I am married for 33 years and we have two children. We have been together for twelve years, and during that time, I have caught him with another woman several times. We have fought over some women, got some pregnant, but in the end I always forgive him.
I still love him. He was my first love even though he wasn't the one who cheated on me. Back then, he said, “there are no such women, just a taste, no strings attached." Because I'm not that knowledgeable when it comes to that kind of thing, maybe that's why he's looking for something else that I can't give. It's gotten to the point where I'm just letting him go, as long as he comes home to us and doesn't forget our financial support.
When it comes to money, he only earns enough to cover the family's expenses. I don't have a job, so if I leave him, we will have a hard time. So even though I'm hurting, I endure it for the sake of the children. I know some will say that I'm a martyr or a fool, but I'm just practical. I also don't expect anything else but him.
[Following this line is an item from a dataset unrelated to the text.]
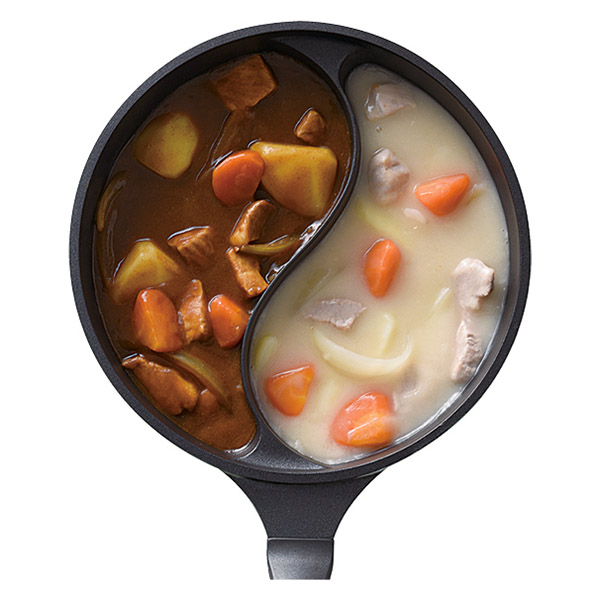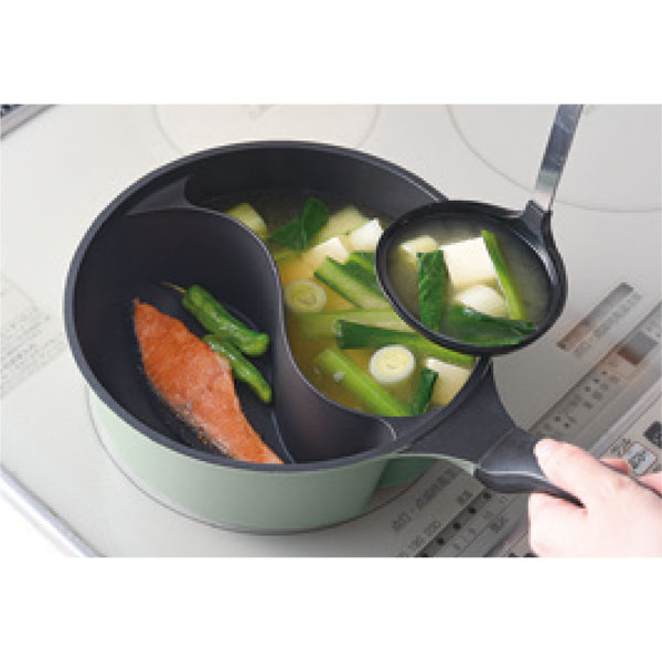 スープとおかず、朝食の準備がこれ1つで!曲線の仕切りでお玉も使いやすい。

But even then, it hurt too much. I caught him with a woman again, and what hurt more was, it wasn't just a taste but it seemed like he had attached feelings there. He himself gave the details and said who the woman was. He even said I could go after her if I wanted. He promised to stop and change, and he apologized—he said it was for the children. I accepted him back because I was thinking about them.
But now, it feels like I'm the villain. He's using a dummy account to discredit his woman, and it feels like I'm the one to blame. Now my husband and I are two people fighting to discredit the woman. I don't know if this is right, or if I should level with him.
I'm tired. I really want to heal. But how? I've spent so many years and sacrifices. So many times I've chosen to forgive him. But for how long? Is it still right for me to give him another chance? Or is it time for me to think about myself and start a new life?
Now, I'm confused about what to do. I still love him, but I love my peace of mind and my children's future more. I want to end the pain but I don't know how to start.